**Task**
Taking the line with "250 krBrio clown, drag-lok" as the first and the last line of the listing as the final one, please copy exactly those lines and no others, without pictures.

**Material provided**
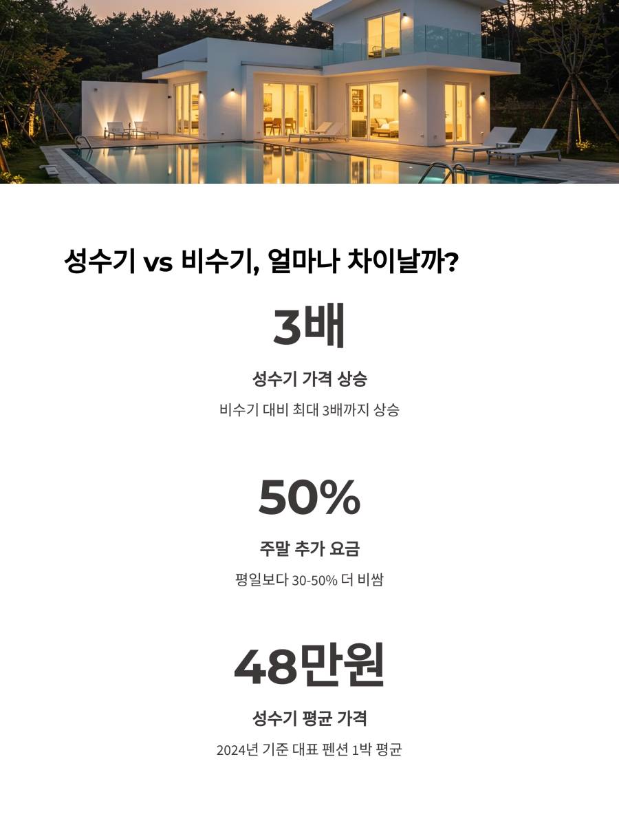 펜션과 풀빌라는 성수기와 비수기의 가격 차이가 2-3배까지 나는 경우가 많아요. 이 점을 잘 활용하면 큰 돈을 절약할 수 있어요!
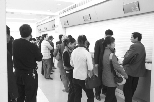 銀行排隊 人物:記者 排隊時間:40分鐘 4月24日下午1:38,記者來到新街口招商銀行營業大廳,取了排隊號碼紙:631號。此時,剛剛排到484號,排在記者前的還有147個人。 營業大廳里的3排座位坐得滿滿當當,大廳里還有不少人站著。不少客戶坐在椅子上打著哈欠或是玩弄手機。一名男子甚至在椅子上打起了盹。有一位客戶取了號碼紙,一看排到了600多號,毫不猶豫地把紙揉成一團,扔進垃圾桶,轉身離開。 面對排隊問題,銀行雖然已經做出了一系列努力,但并非立竿見影。營業廳的12個窗口全部開放,每位客戶的交易速度也不算慢。但當記者的號碼出現在營業廳的屏幕上時,仍舊過去了40分鐘。 |
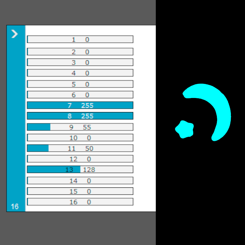 * Verifique que coincidan estos canales: 8 Dimmer, 7 Strobo/Shutter, 9 en el valor 55 = Celeste, 11 en el valor 50 = Gobo de Luna con estrella, 13 foco (ver tercer foto).
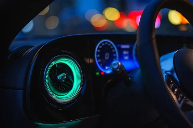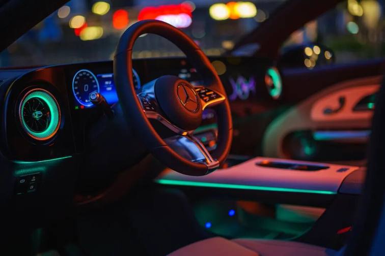 夜幕降临之际,城市换上由霓虹编织的新装,与全新奔驰纯电CLA的互动便进入了另一个维度。“你好,奔驰”,我轻声唤醒它。“把氛围灯调成绿色。”几乎在指令下达的瞬间,光瀑便从仪表台两侧流淌而下,清新自然的氛围包裹了整个座舱,伴随着我歌单里那首慵懒的爵士乐,一天的紧绷感仿佛随之溶解。
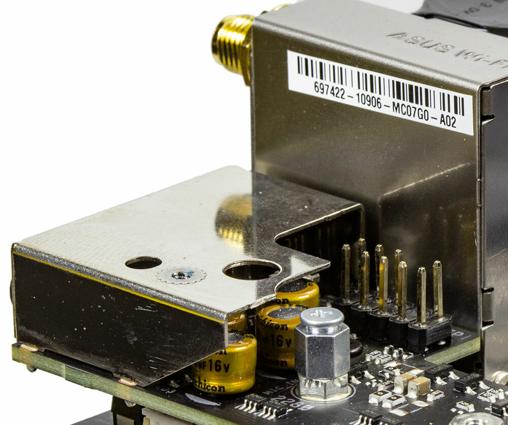 После радиатора на чипсете можно подумать, что инженеры ASUS решили не обращать внимание на качественное охлаждение. Но нет, с радиатором на системе питания все в порядке. Для начала стоит демонтировать кожух, нависающий над разъемами задней панели и по совместительству поддерживающий дочернюю плату с M.2-разъемом.
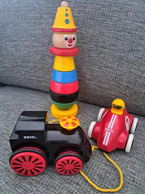 250 krBrio clown, drag-lok och bil med push and go. BRIOTidaholm4 novLastbil i rörelseKan skickasLägg till i favoriter.
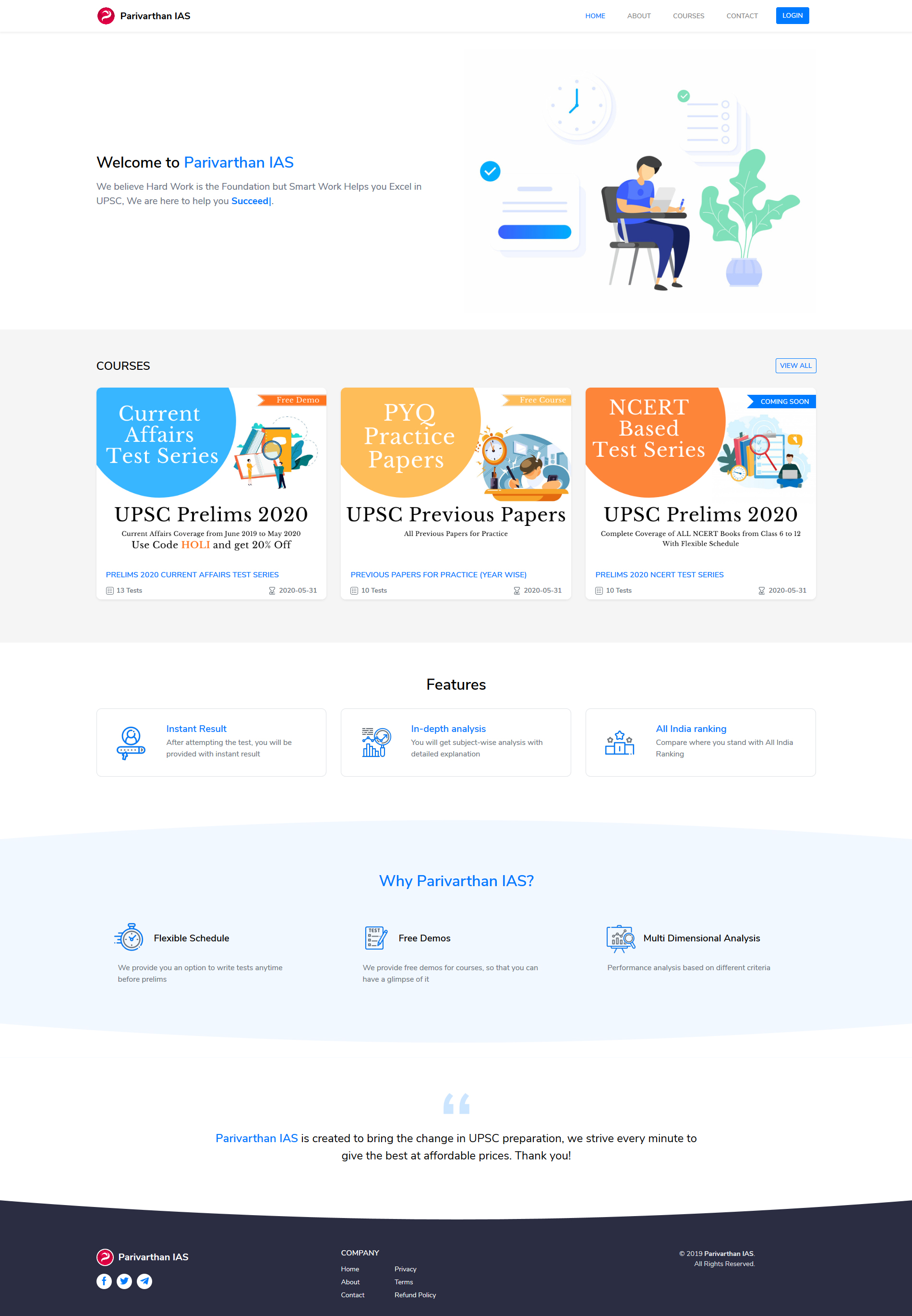 Parivarthan IAS is an online examination system which helps prepare students for the competitive exams for government jobs. The website has a variety of courses which can be subscribed and it provides analysis, solution and ranking to students which prepares them for the actual competition.
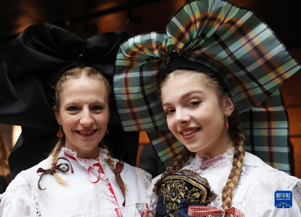3月5日,在法國東部城市斯特拉斯堡,當地民眾身著阿爾薩斯地區的民族服裝歡迎前來參加2023《米其林指南》法國版發布活動的廚師和嘉賓。這是《米其林指南》首次在阿爾薩斯地區發布。
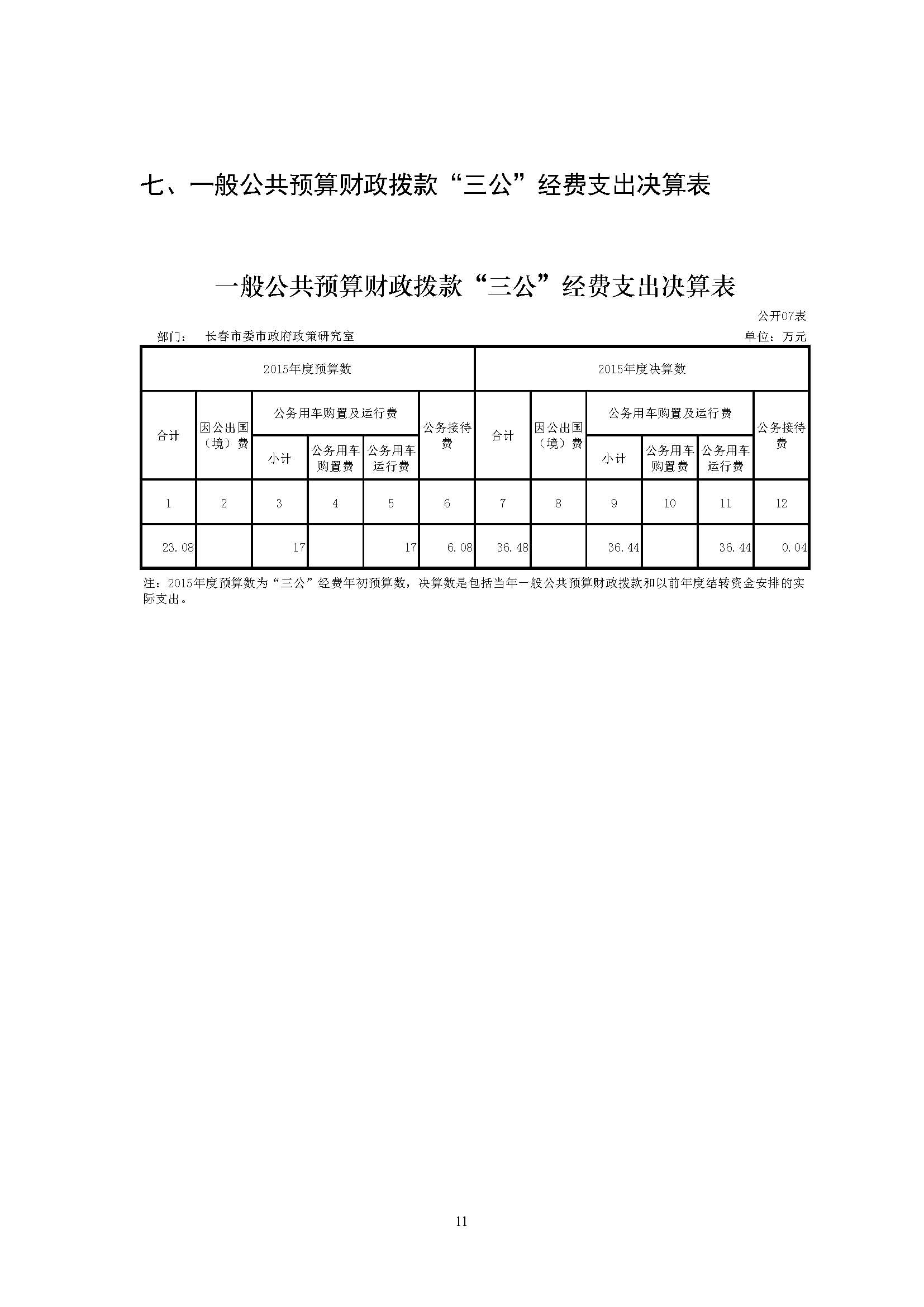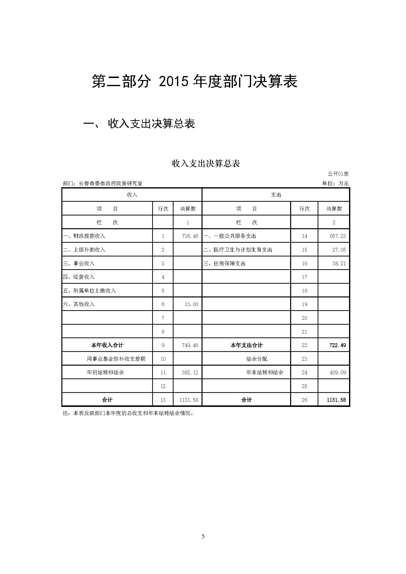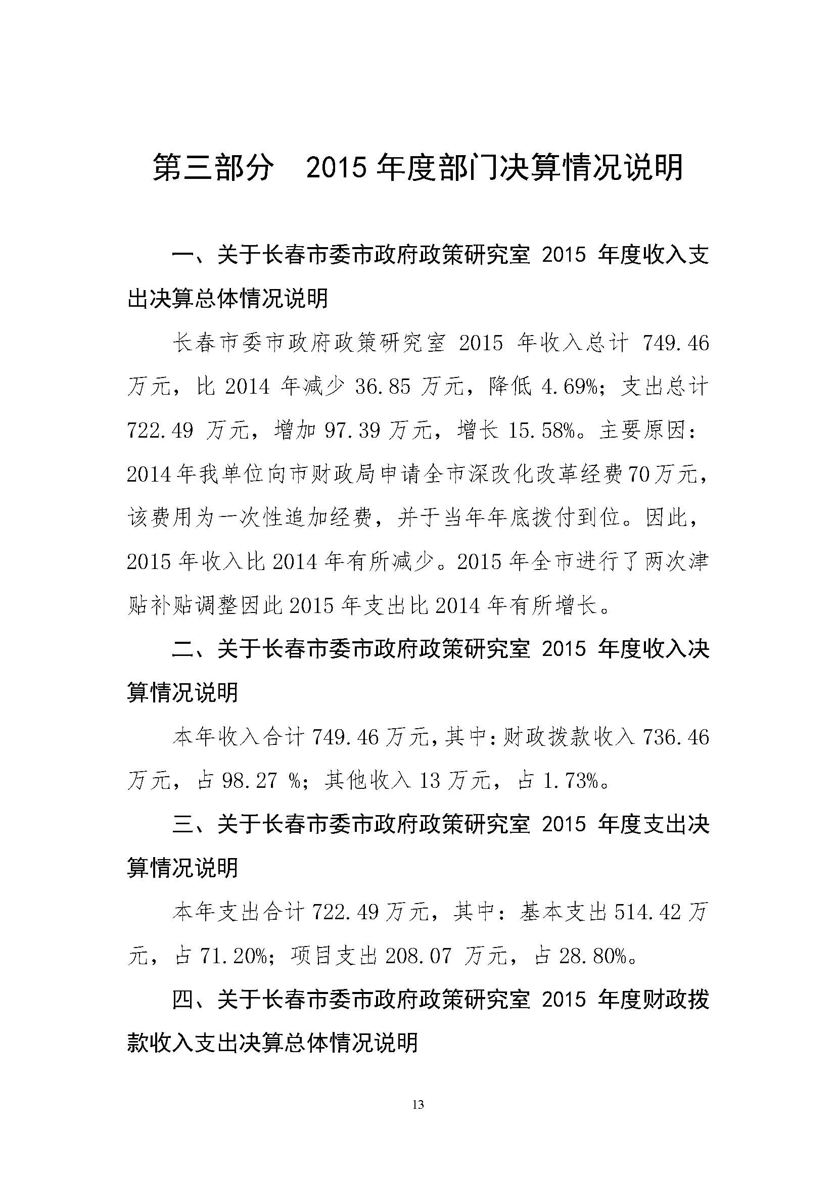 2015年度政策研究室部门决算公开

**Task solution**
 250 krBrio clown, drag-lok och bil med push and go. BRIOTidaholm4 novLastbil i rörelseKan skickasLägg till i favoriter.
 Parivarthan IAS is an online examination system which helps prepare students for the competitive exams for government jobs. The website has a variety of courses which can be subscribed and it provides analysis, solution and ranking to students which prepares them for the actual competition.
3月5日,在法國東部城市斯特拉斯堡,當地民眾身著阿爾薩斯地區的民族服裝歡迎前來參加2023《米其林指南》法國版發布活動的廚師和嘉賓。這是《米其林指南》首次在阿爾薩斯地區發布。
 2015年度政策研究室部门决算公开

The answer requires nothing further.